GDM Holdings advances this direction in its 2025 patent on fast and slow adaptation for language model predictive control, which introduces an iterative in-context learning loop between a human and a robot. A generative foundation model processes human natural language feedback to predict candidate future dialog turns — each including a predicted robot action and a predicted human response — and selects actions from this candidate future. The interaction session is subsequently used as fine-tuning data for the generative model, creating a “fast and slow” adaptation dynamic: rapid in-context adaptation during deployment and slower fine-tuning between sessions. This architecture allows a robot to be taught novel tasks through conversational interaction without manual policy redesign.

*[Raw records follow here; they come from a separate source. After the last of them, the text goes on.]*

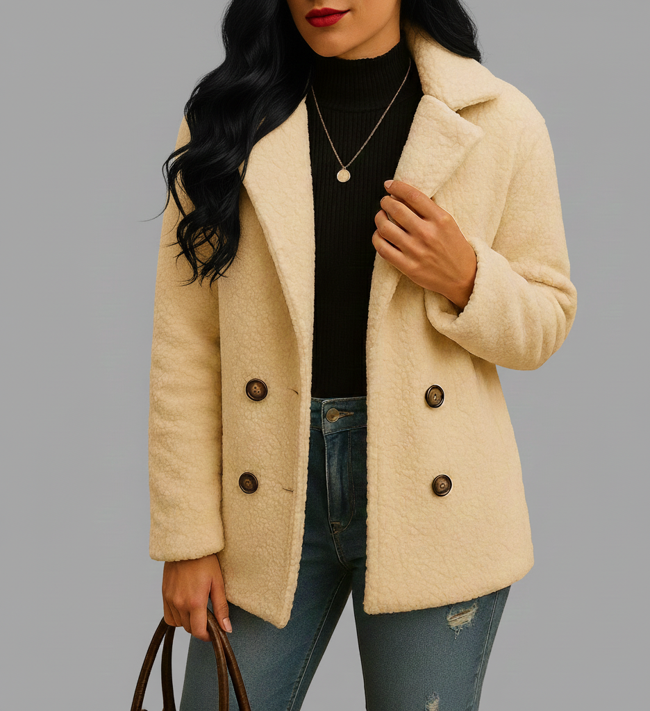- Pasvorm: Getailleerde korte jas met knoopsluiting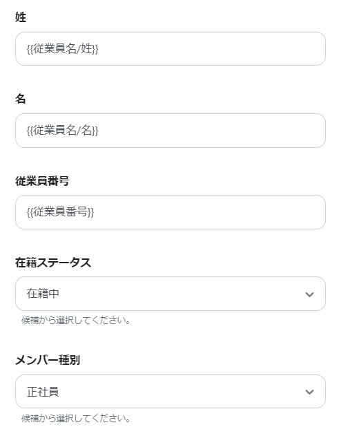 メンバーIDは先ほどジョーシスから取得した「メンバーID」です。ボックス内をクリックすると、Google スプレッドシートのトリガー設定でテスト送信した項目が選択できるようになっています。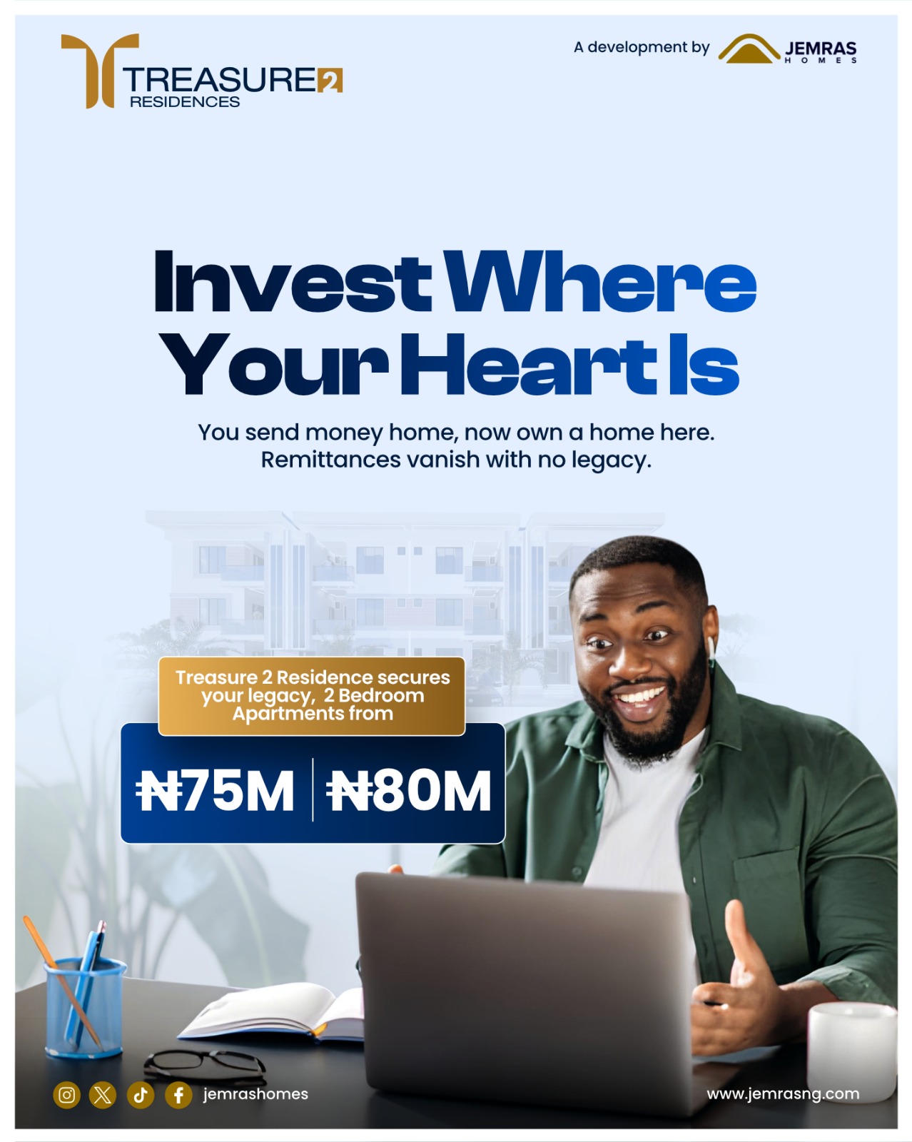 Treasure 2 Residence, Abijo GRA, Lekki is a premium real estate development designed for modern living and long-term value. Strategically located within the serene and rapidly developing Abijo GRA, the project offers luxury 2-Bedroom Apartments with top-quality finishing, spacious layouts, and contemporary design. Residents will enjoy proximity to Lekki’s prime hubs, schools, shopping centers, and business districts, while benefiting from a secure and well-planned environment. With prices ranging from ₦75M – ₦80M, Treasure 2 Residence is not just a home but a solid investment opportunity. It combines comfort, prestige, and lasting wealth for discerning buyers.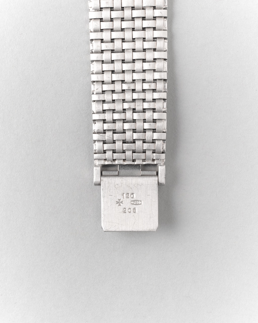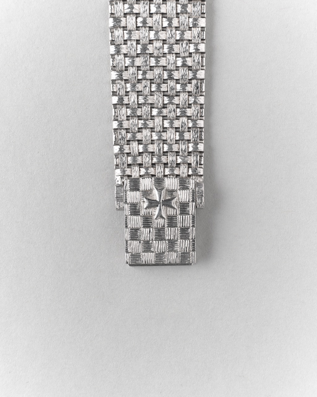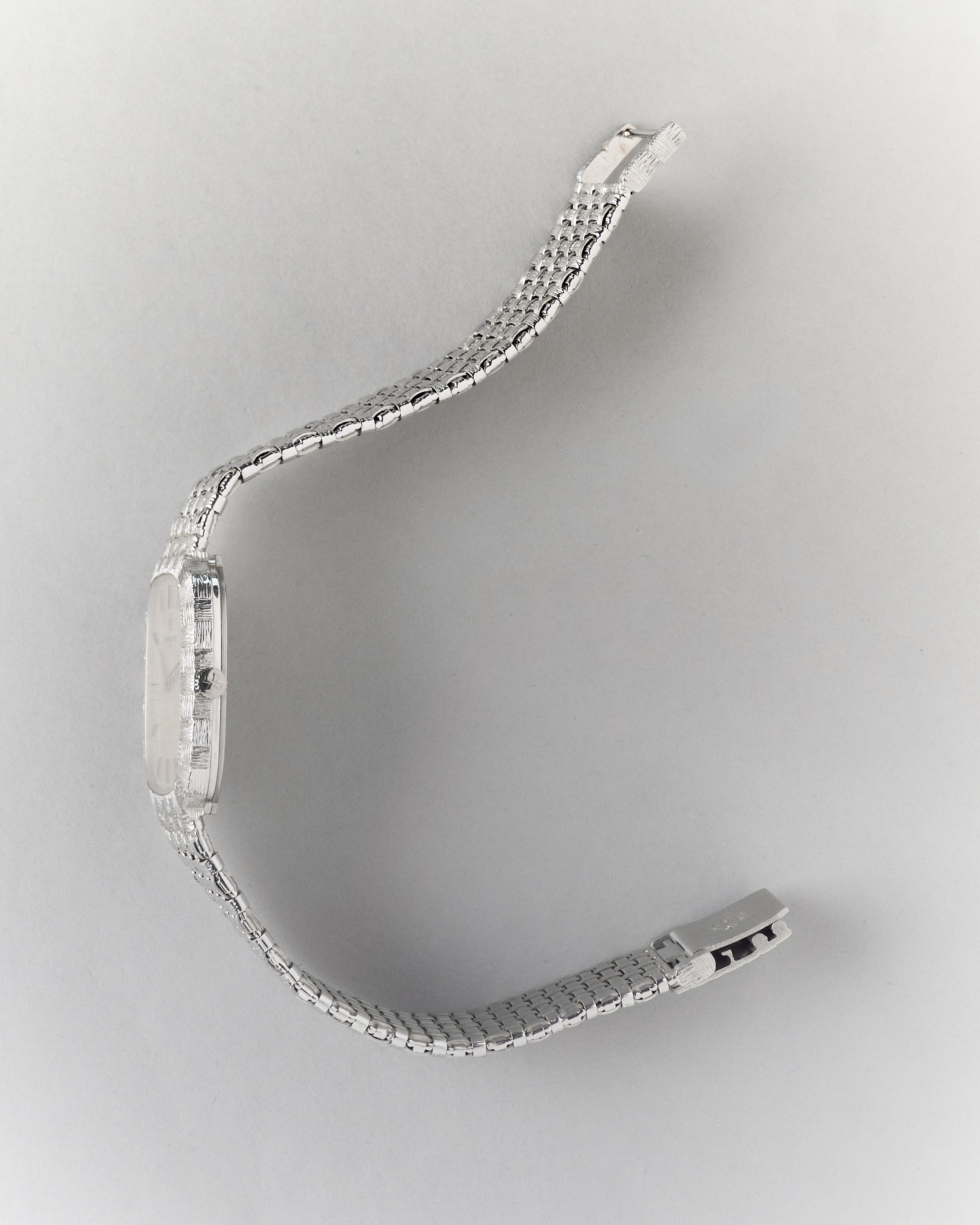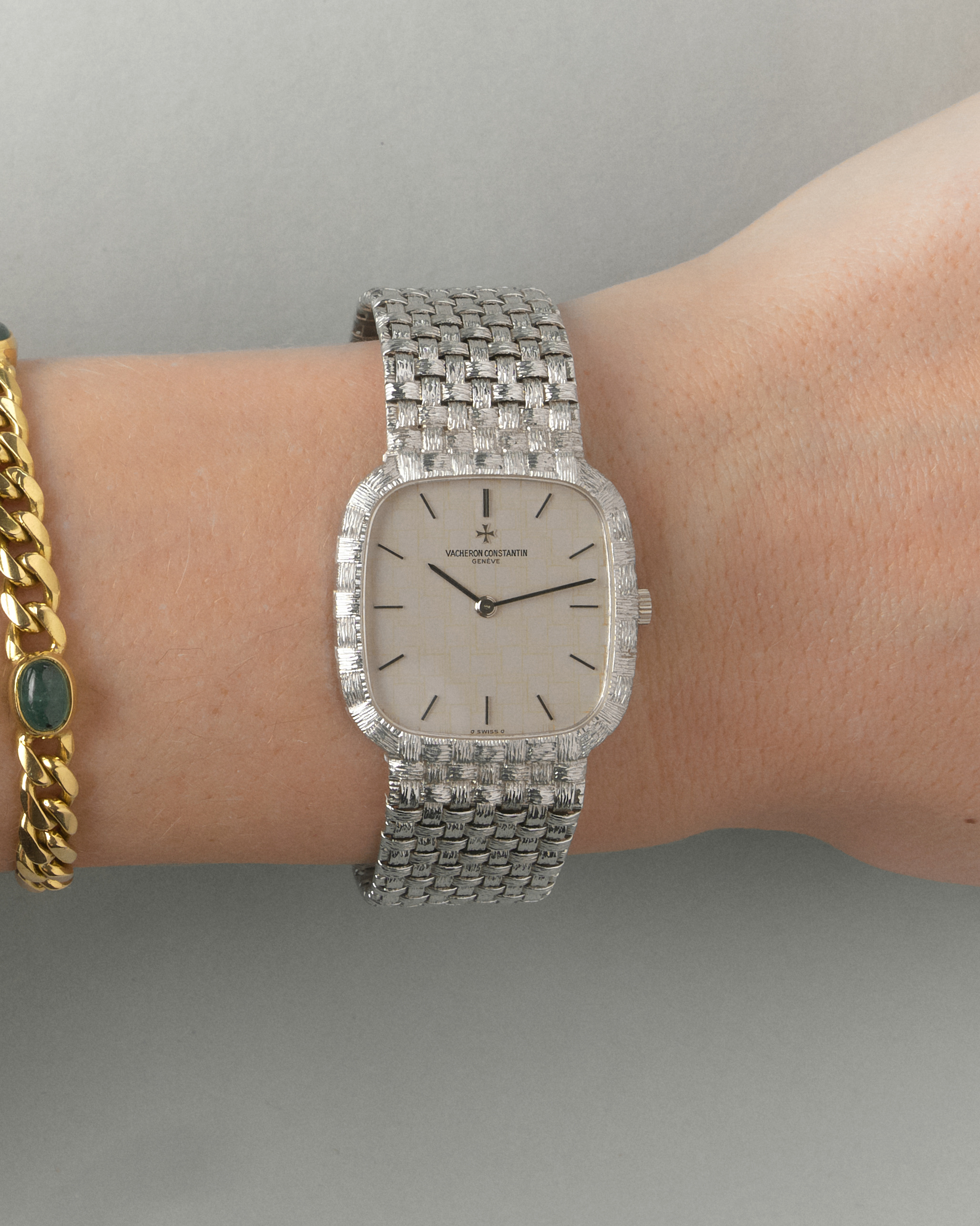 The Vacheron Constantin Ref. 2099 in 18k white gold is a refined study in texture, proportion, and quiet sophistication. Measuring 29 mm, the softly rounded case is paired with an intricately braided white-gold bracelet that gives the watch a distinctive tactile presence. The silver dial, kept intentionally minimal, features subtle detailing that complements rather than competes with the surrounding metalwork. Powered by an automatic movement, this piece balances technical substance with an unmistakably elegant, jewelry-like form.

Chain-of-thought reasoning has also been proposed as a mechanism to bridge high-level language instructions and low-level robot control. A 2026 patent from Beijing Jijia Vision Technology describes constructing a chain-of-reasoning dataset to fine-tune a pretrained policy network, producing a strategy prediction model that outputs both interpretable chain-of-reasoning text and executable action data. The reward functions used during joint optimisation — affordance reward, trajectory consistency reward, and output format reward — are specifically designed to promote cross-task and cross-scene generalization, reducing error rates in multi-object or complex instruction scenarios. As noted by IEEE, chain-of-thought approaches have become a leading technique for improving reliability in language-conditioned robot control systems.

Key finding

LLMs enable zero-shot instruction grounding by mapping free-form natural language to feasible robot skills without per-task training data. Google LLC’s dual task-grounding and world-grounding measures provide a principled threshold mechanism that prevents the robot from attempting skills that are linguistically plausible but physically infeasible in the current scene.

Hierarchical policy architectures: decoupling planning from motor execution

Hierarchical policy architectures enable task generalization by separating a foundation model operating at a high semantic level from low-level controllers that execute fine-grained motor primitives — allowing the high-level model to adapt to new goals without retraining the entire policy stack. Google LLC’s 2025 patent on robot navigation formalises this two-tier structure: a high-level policy model trained via supervised learning on real-world observations and ground-truth navigation paths generates semantic navigation decisions, while a separately trained low-level policy model converts these high-level actions into precise, obstacle-avoiding motor commands.

This paradigm is extended to manipulation tasks in Google LLC’s 2024 patent on environment-conditioned action sequences, where an environment-conditioned action sequence prediction model — combining a CNN for visual encoding and a sequence-to-sequence transformer for action planning — determines not only which actions to perform but also their ordering, conditioned on the current visual scene. The system’s predicted action sequence dynamically changes based on the observed state (for example, whether a cabinet is open or closed), demonstrating the foundation model’s ability to reason about preconditions and adapt task plans to new environmental configurations without explicit task-specific programming.

Mitsubishi Electric’s 2025 patent on sequential task generalization uses a pre-trained learning module encoding a dictionary of motion primitives combined with a graph-search-based planning module, enabling compositional zero-shot generalization by recombining existing skill primitives in new sequences rather than training task-specific policies from scratch.

Mitsubishi Electric’s 2025 patent addresses long-horizon sequential task generalization through a pre-trained learning module that encodes a dictionary of motion primitives, combined with a graph-search-based planning module. Given a new task defined only by initial and goal states, the system searches the graph for a feasible path and selects motion primitives from the dictionary — parameterized as Dynamic Movement Primitives (DMPs) — to compose the task trajectory. This approach generalizes to new tasks by recombining existing skill primitives in new sequences rather than training task-specific policies from scratch, a form of compositional zero-shot generalization. This compositional approach is consistent with broader trends in modular robot learning discussed by WIPO in its technology trend reports on AI and robotics.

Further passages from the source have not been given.